The other order is of the US Department of Treasury. Dated October 16, it concerns Dawood Ibrahim, head of a mafia group closely involved with terrorist groups. He was involved in the explosions in Bombay in 1993, along with five others who have been given shelter in Pakistan.
The government of India has been repeatedly asking for their arrest and handing over to India so that they could be tried for terrorism. But the government of Pakistan has all the time been maintaining that they are not on Pakistani territory. This order, which has designated Dawood Ibrahim as a global terrorist, says, he had links with Al Qaeda and with the Taliban and had been helping them by placing his ships at their disposal. Two, it also says he has been living in Karachi and gives his passport number. In spite of that, the Pakistan government has denied that he is in Karachi, denied this passport belongs to him. For these reasons, when Musharraf says he has been taking action against terrorists, we in India find it difficult to believe it.
One last point. We in India are gratified by the fact that justice has at last been done to the families of victims of the Lockerbie tragedy. Your plane was blown up by a Libyan intelligence officer. He planted the explosives.
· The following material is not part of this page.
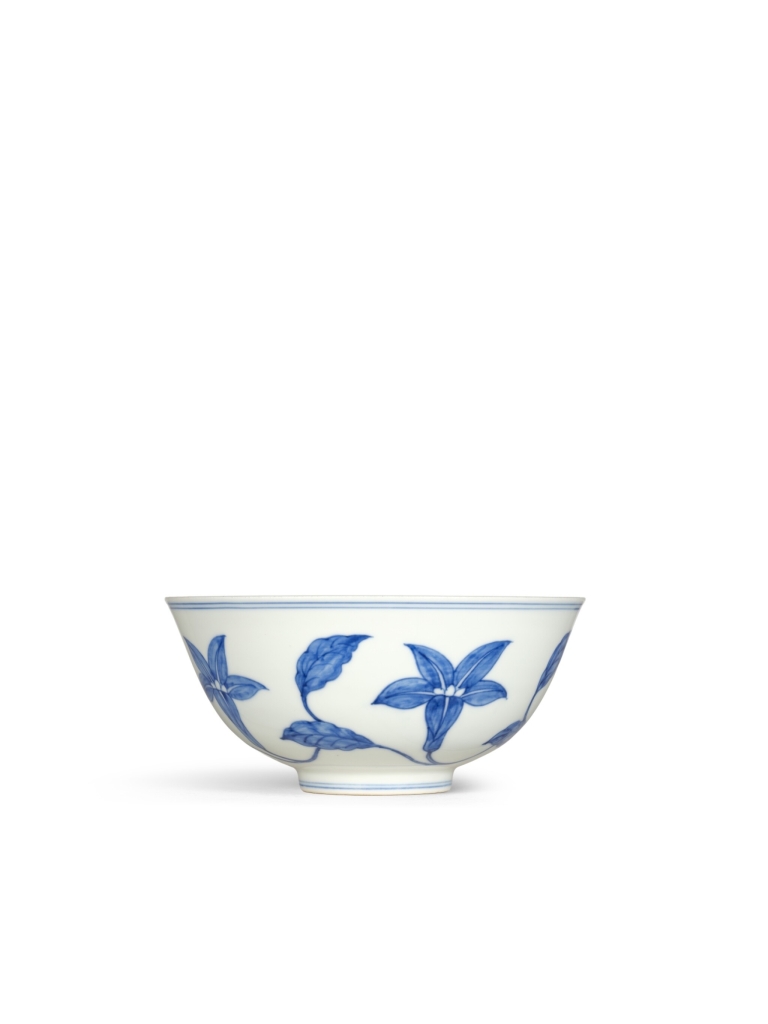 2.明成化《青花梔子花宮盌》,「大明成化年製」款,徑14.7公分,估價4000萬至8000萬港元,成交價3514萬5000元。

The US imposed punitive sanctions against Colonel Gaddafi. They held him responsible for allowing his intelligence agencies to blow up the aircraft. Ultimately, justice was done.
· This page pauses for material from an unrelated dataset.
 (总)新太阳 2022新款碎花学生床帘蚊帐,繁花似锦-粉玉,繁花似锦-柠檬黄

There’ve been seven instances of terrorist attacks directed against Indian civil aviation: five instances of hijacking by Sikh terrorists of Punjab; one instance of hijacking by a Wahhabi terrorist organisation of Pakistan, the Harakat ul-Mujahedeen, 1999; one instance in which an Air India plane, Kanishka, was blown up off the Irish coast, resulting in the death of over 200 civilians; and one instance in which an unsuccessful attempt was to blow up another Air India aircraft in Tokyo.
And all these instances took place when the military was in power. There has not been a single attack on civil aviation by terrorist groups from Pakistan when a democratically elected government was in power.
The people involved in the explosions have been given sanctuary in Pakistan. Is it not the responsibility of the international community to see they are brought to trial? Doesn’t it have an obligation to do justice to the families of the victims, just as it was required to do justice to the victims of Lockerbie?